Gray, gray day, indeed. I was expecting fall, but not winter. The abrupt cold stings. Nice work again, Tom. I vote with Deb concerning the novel-writing. November is the month to do it, you know: National Novel Writing Month. (Google it.) You might not finish your novel, but you'd get a heck of a good start on it.
Carol -- Every November I forget about this until half-way through the month. You just gave me a reminder. Hmmmm....
Hey, if I ever win a couple of million in the lottery, you've got that scholarship. You can pay me back with the proceeds from the movie taken from your extremely successful novel. All right now. Off to buy a couple of tickets. :)
Deb -- Ooohhh, I hope you win the jackpot!
Tom,
It's funny you write about this today. Last night, with Dee Dee at work, I was in the bedroom getting some cleaning done when I heard my 2 poodles go nuts at the front door, which was open. The screen door was latched and it sounded like someone came in the door. I've never heard the dogs bark like they did. My first thought was that the kids had come over, but then realized that the dogs would have ceased their barking. I immediately grabbed the Remington 870 shotgun, loaded a round, and started for the door. No one there! I KNOW I heard someone trying to come in the door. I guess old age has it's benefits to keep the blood pressure up. Anyway, GREAT STORY!!

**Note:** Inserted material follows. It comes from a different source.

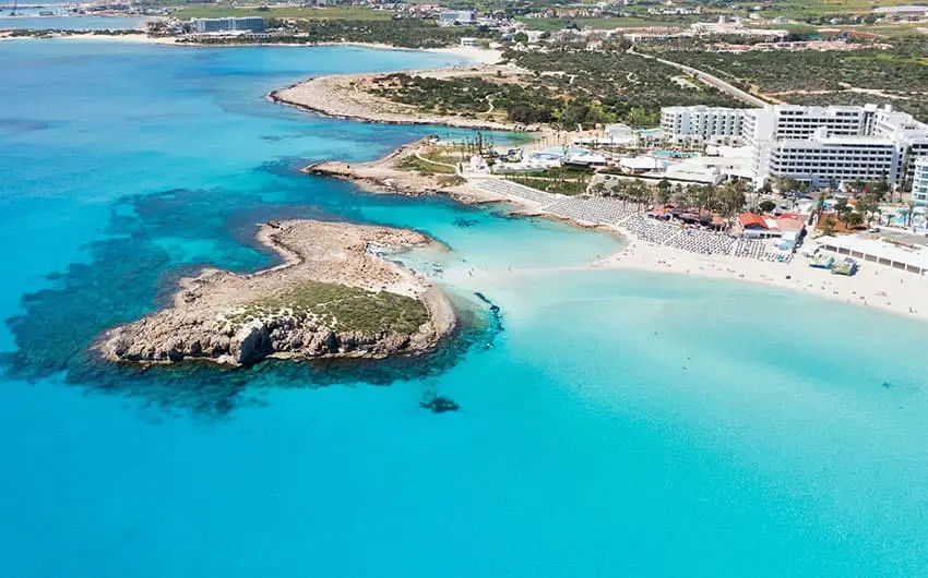 Larnaca is probably the best airport to use if you want to visit both North and South Cyprus. Crossing the border is getting easier, especially on foot, be sure to check with any car hire companies however to see if they allow a border crossings. Cyprus is warm all year round and its climate has attracted holidaymakers for hundreds of years. Aphrodite the Goddess of love was born in Paphos which is a very popular holiday destination with miles of fabulous beaches, a dozen or more being awarded Blue Flag status. Other popular resorts are Limassol, Ayia Napa and Protaras where you will find both sandy and rocky coastlines.

Wes -- You're tellin' me the shotgun was unloaded? That right? ;-)
Do your fiction if you like, but never stop doing this.
To say "You should turn this into a story" has at least a vague implication that "this" could be more, that it is somehow lacking, incomplete.
These essays are what they are: perfect, true to their nature, complete, resonant. The rhythms of your writing are as familiar as the fields. They might be foundational for something else, but they don't need to be.
As someone said to me months ago, it's ok to plant snapdragons next to petunias, but don't tell that petunia to be a snapdragon.
Let the petunia be what it is.
Linda -- I'm not sure about my stuff being perfect and complete but I certainly appreciate the compliment. Words of wisdom to carry me forward into my next column: I am the petunia.
Perfect isn't flawless.
I don't quite know what that means, but I know it's true.
A few flaws in the service of perfection isn't such a bad thing.